Dataset extract section start

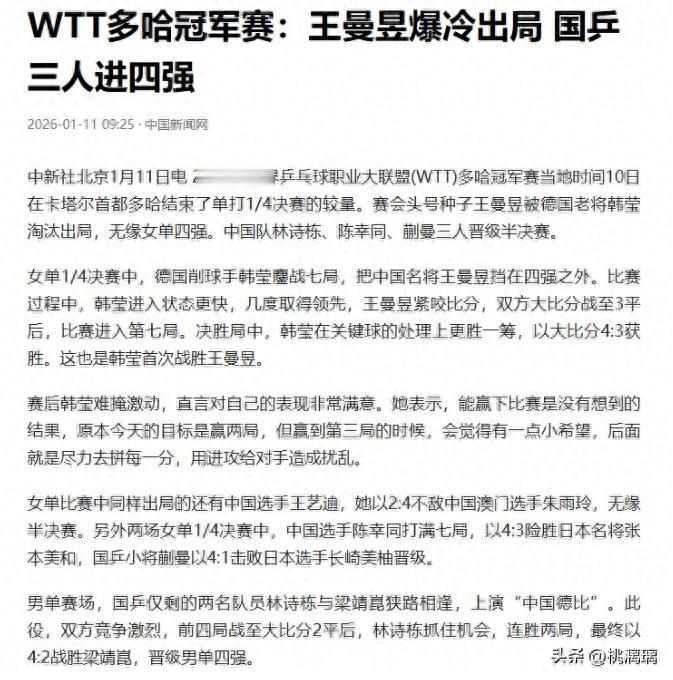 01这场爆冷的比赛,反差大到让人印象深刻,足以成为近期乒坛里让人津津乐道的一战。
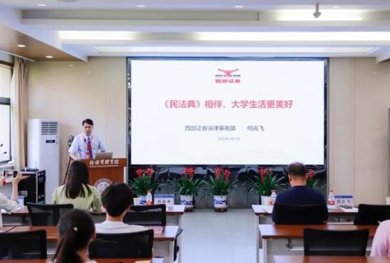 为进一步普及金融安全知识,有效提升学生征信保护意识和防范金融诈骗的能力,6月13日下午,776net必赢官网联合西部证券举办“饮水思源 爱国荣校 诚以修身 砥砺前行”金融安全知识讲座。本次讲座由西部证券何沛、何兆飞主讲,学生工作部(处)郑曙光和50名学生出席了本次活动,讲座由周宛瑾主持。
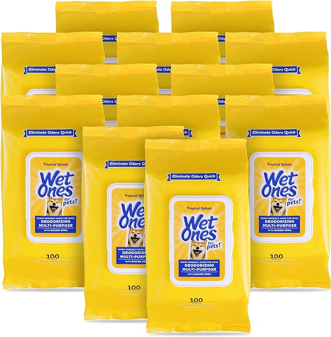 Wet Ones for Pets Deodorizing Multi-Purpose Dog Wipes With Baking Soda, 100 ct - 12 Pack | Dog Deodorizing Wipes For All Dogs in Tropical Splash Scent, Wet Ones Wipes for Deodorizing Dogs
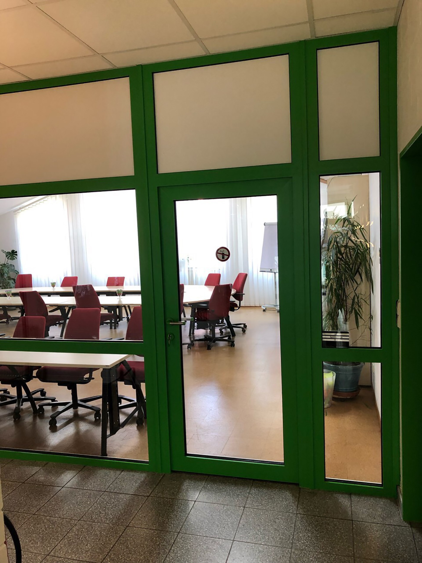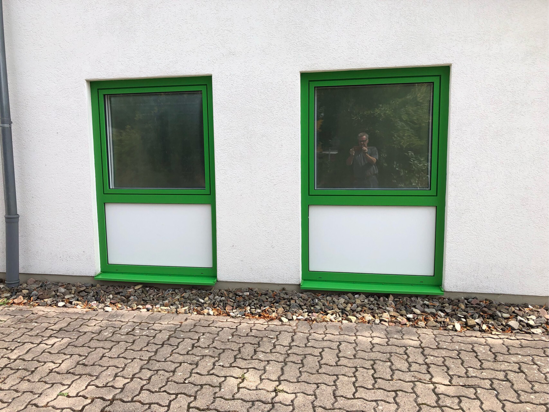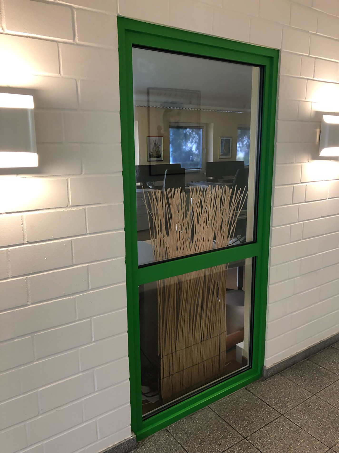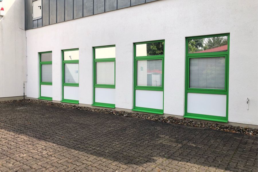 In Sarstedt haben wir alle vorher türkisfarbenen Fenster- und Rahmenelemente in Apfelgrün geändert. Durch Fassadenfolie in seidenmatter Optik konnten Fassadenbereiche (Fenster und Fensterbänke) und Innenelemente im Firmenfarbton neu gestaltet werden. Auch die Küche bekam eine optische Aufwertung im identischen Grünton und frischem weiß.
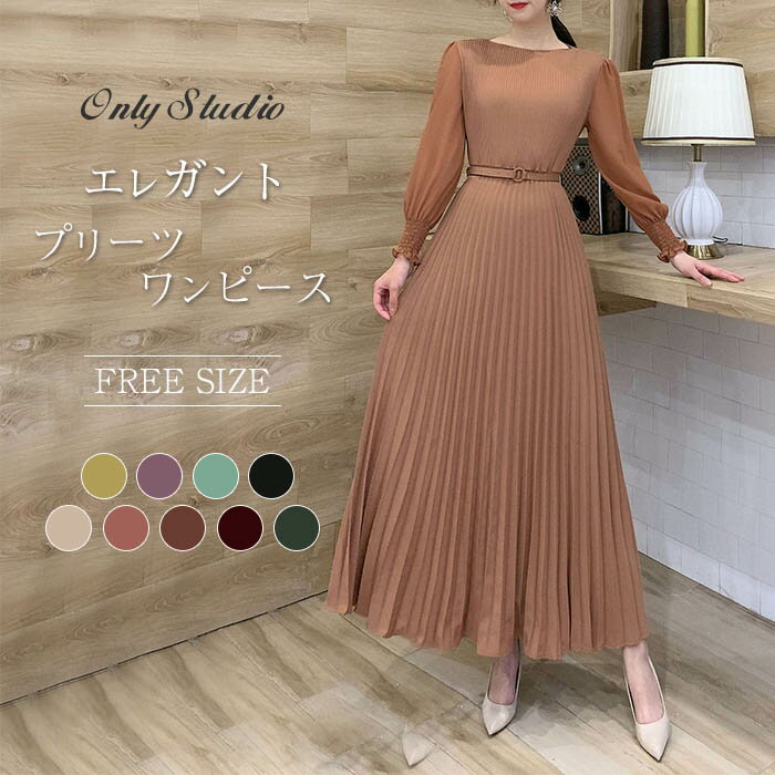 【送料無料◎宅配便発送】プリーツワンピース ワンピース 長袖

Dataset extract section end

* [Problem to solve] Leaving out the pictures, print every record exactly as written.

* [Your response]
 01这场爆冷的比赛,反差大到让人印象深刻,足以成为近期乒坛里让人津津乐道的一战。
 为进一步普及金融安全知识,有效提升学生征信保护意识和防范金融诈骗的能力,6月13日下午,776net必赢官网联合西部证券举办“饮水思源 爱国荣校 诚以修身 砥砺前行”金融安全知识讲座。本次讲座由西部证券何沛、何兆飞主讲,学生工作部(处)郑曙光和50名学生出席了本次活动,讲座由周宛瑾主持。
 Wet Ones for Pets Deodorizing Multi-Purpose Dog Wipes With Baking Soda, 100 ct - 12 Pack | Dog Deodorizing Wipes For All Dogs in Tropical Splash Scent, Wet Ones Wipes for Deodorizing Dogs
 In Sarstedt haben wir alle vorher türkisfarbenen Fenster- und Rahmenelemente in Apfelgrün geändert. Durch Fassadenfolie in seidenmatter Optik konnten Fassadenbereiche (Fenster und Fensterbänke) und Innenelemente im Firmenfarbton neu gestaltet werden. Auch die Küche bekam eine optische Aufwertung im identischen Grünton und frischem weiß.
 【送料無料◎宅配便発送】プリーツワンピース ワンピース 長袖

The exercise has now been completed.